The balance diagnostics show whether weighting moves treated and control covariate distributions closer together. Improved balance is a sanity check that the adjustment is doing the job it was designed to do.

Estimate Adjusted Top-3 Lift

Now we compare the naive top-3 lift with the IPW-adjusted lift.

  • Naive top-3 CTR: average click rate among top-3 rows.
  • Naive lower-ranked CTR: average click rate among lower-ranked rows.
  • Naive lift: raw difference between those two CTRs.
  • IPW top-3 CTR: weighted click rate among top-3 rows, using inverse propensity weights.
  • IPW lower-ranked CTR: weighted click rate among lower-ranked rows.
  • IPW lift: adjusted difference between weighted CTRs.

If IPW lift is smaller than naive lift, that suggests some of the raw top-3 advantage was due to observed confounding. If IPW lift remains large, that is evidence consistent with a real position effect, subject to the assumptions of no unobserved confounding, overlap, and correct-enough model specification.

Estimate Naive And IPW-Adjusted Lift

This cell computes click-through rates for top-3 and lower-ranked rows in two ways: unweighted naive averages and IPW-weighted averages. The difference between those rates is the estimated lift. Comparing the naive and IPW rows tells us how much observed confounding changes the apparent top-3 advantage.

def group_weighted_mean(data, group_value, outcome_col="outcome", weight_col="ipw_capped"):
    mask = data["treatment"] == group_value
    return weighted_mean(data.loc[mask, outcome_col], data.loc[mask, weight_col])


naive_top3_ctr = model_df.loc[model_df["treatment"] == 1, "outcome"].mean()
naive_lower_ctr = model_df.loc[model_df["treatment"] == 0, "outcome"].mean()
ipw_top3_ctr = group_weighted_mean(model_df, 1)
ipw_lower_ctr = group_weighted_mean(model_df, 0)

estimate_table = pd.DataFrame(
    [
        {
            "method": "naive",
            "top3_ctr": naive_top3_ctr,
            "lower_rank_ctr": naive_lower_ctr,
            "absolute_lift": naive_top3_ctr - naive_lower_ctr,
            "relative_lift": naive_top3_ctr / naive_lower_ctr - 1,
        },
        {
            "method": "ipw_capped",
            "top3_ctr": ipw_top3_ctr,
            "lower_rank_ctr": ipw_lower_ctr,
            "absolute_lift": ipw_top3_ctr - ipw_lower_ctr,
            "relative_lift": ipw_top3_ctr / ipw_lower_ctr - 1,
        },
    ]
)

estimate_table
method top3_ctr lower_rank_ctr absolute_lift relative_lift
0 naive 0.1017 0.0347 0.0670 1.9311
1 ipw_capped 0.0558 0.0364 0.0194 0.5320

This output is part of the propensity-score overlap and inverse-probability weighting workflow.
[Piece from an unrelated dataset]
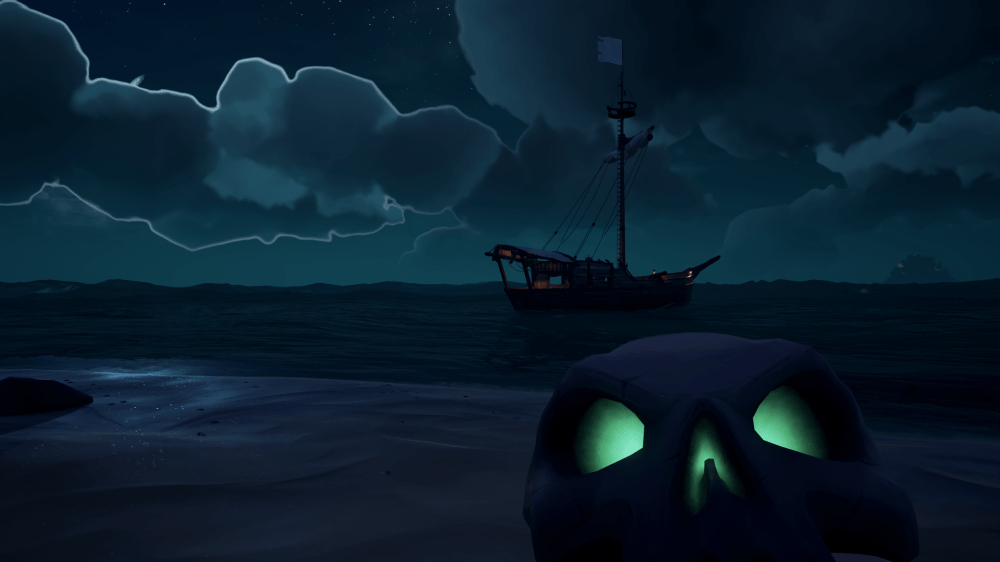 Visually, Sea of Thieves is a beautiful game. The first time I looked up at the night sky I was in awe! The water looks amazing in its many forms (from calm, peaceful light blue to menacing dark waves that thrash the ship about) and sunrises and sunsets are impressive. I’ve on occasion just gotten lost admiring the world of the game as I’ve sailed about aimlessly. The game runs smoothly on both my Xbox One X and my PC (GTX 1060, AMD FX 8320 running at 4.0 GHz). I haven’t had any server issues whatsoever, though it may be because I’ve only played at night (after 11 MT). Because of the server issues no achievements have popped for me since launch day (they’ve been temporarily disabled), but other than that I haven’t run into any technical issues with the game.

Read it as a checkpoint: it either verifies an input, defines reusable analysis machinery, or produces a diagnostic that motivates the next step in the notebook.

Effective Sample Size

This cell computes the effective sample size after weighting. IPW can make a large dataset behave like a smaller one when a few rows receive large weights. Effective sample size is a useful stability diagnostic: lower values mean the weighted estimate has less independent information than the raw row count suggests.

def effective_sample_size(weights):
    weights = np.asarray(weights, dtype=float)
    return weights.sum() ** 2 / np.sum(weights**2)


ess = (
    model_df.groupby("treatment_label")["ipw_capped"]
    .apply(effective_sample_size)
    .rename("effective_sample_size")
)
ess
treatment_label
rank_4_plus   228674.8828
top_3          12249.9217
Name: effective_sample_size, dtype: float64

Effective sample size translates the weight distribution into a practical precision warning. A large drop from raw sample size means the estimator is relying on fewer weighted observations than the row count suggests.

Interpretation Checklist

Use this checklist when reading the results:

  1. Did the propensity model find structure in top-3 assignment?
  2. Do treated and control rows have reasonable propensity overlap?
  3. Are IPW weights stable, or are a few rows dominating the estimate?
  4. Did numeric covariate balance improve after weighting?
  5. How different is IPW lift from naive lift?

This notebook gives the first adjusted estimate. The next step is a doubly robust estimator, which combines a propensity model with an outcome model for extra protection against model misspecification.